It's the same with the headlines at Yahoo. Titles like "Obama answers voter questions" imply that the "news" articles are pure filler. Pure common sense, a rehash of stories that are told every four years. The only things that change are the names.
Posted by Guy at 1:44 PM
Friday, February 29, 2008
Fox News, "fair and balanced." The fact that they feel it necessary to say that makes me question just how fair and balanced they are. I think their logic is, "People think we're unfair, unbalanced, so let's tell them they're wrong." The Daily Show usually seems totally unbiased, because they seem to make fun of all sides equally. Or do they?
Sometimes I find myself wondering why Jon Stewart went one way instead of another. Those times are rare, but when they happen, I worry that all the people who trust the Fake News will get swayed one direction not out of logical argument, but simply because of faith and belief in what Jon Stewart says.
I hope he can't be bought.
Posted by Guy at 5:37 PM
Wednesday, February 27, 2008
I don't know......
I mean we all want change. Of course. Why else hold elections? But Colbert seems to present too great a change. If he were elected President, what might happen? Would other nations not take us as seriously? Would his ability to defend this country come into question? Would it embolden certain parties that should not be emboldened?
I think it might.
Posted by Guy at 6:53 PM
Monday, February 25, 2008
A while back, the media was saying that this was going to be one important election, in which we the American people had the opportunity to turn things around once and for all with a great new President and a bright new future. I thought, "No matter who we vote for, it's all going to be great!" Hillary seemed awesome, Obama seemed awesome, Edwards seemed awesome, Huckabee showed potential, Giuliani seemed capable, Romney seemed moral, McCain seemed experienced... It all showed so much promise.
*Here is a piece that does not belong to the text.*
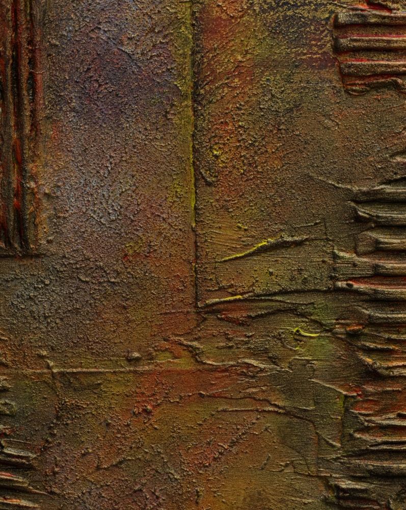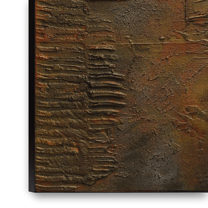 Warm abstract painting in terracotta and brown, with rich texture and a calm, earthy feel. The vertical and horizontal grooves give the work a luxurious, handmade depth. In the centre, the structure opens up slightly, making the whole feel warm and inviting.
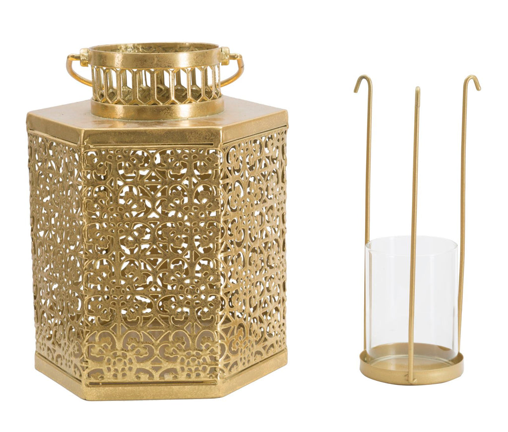 Lanterna Oroy 20x17x26 cm in Ferro e Vetro Oro

But recently I've been seeing a growing number of posts on the web about how each candidate is deeply flawed, and does their best to hide those flaws from the public. I really thought things might get better, but maybe I was deceived. Maybe I was wrong.
I heard one person say a long time ago that all the efforts Bush has undertaken to expand the power of the White House would not be proven futile should Hillary win, because she'd continue the trend and expand her power to the point where cameras end up everywhere (or something like that). Some people are pretty sure Obama's going to be the Democratic candidate now, so I wonder if he'd do that? What if Obama ends up being the idealistic speech-giving new guy who is so new that he can't stand up to the pressures of the preexisting government clique that says, "Do like we do or else?" He'd become powerless to live up to all his speeches. If we elect him, I hope he can walk the walk he's talked.
Posted by Guy at 11:31 AM
Friday, February 22, 2008
Channel surfing last night, I caught some of the Comedy Central political cartoon "Little Bush." I figure it's not a really old rerun because the ending emphasized how John McCain is supposed to be a puppet to George Bush. I've heard that point made before. That seems to be the main reason to dismiss McCain. But I'm not sure if I believe it. When I heard him speak, I got the distinct impression that he was not like Bush. Plus, he used to be a Democrat!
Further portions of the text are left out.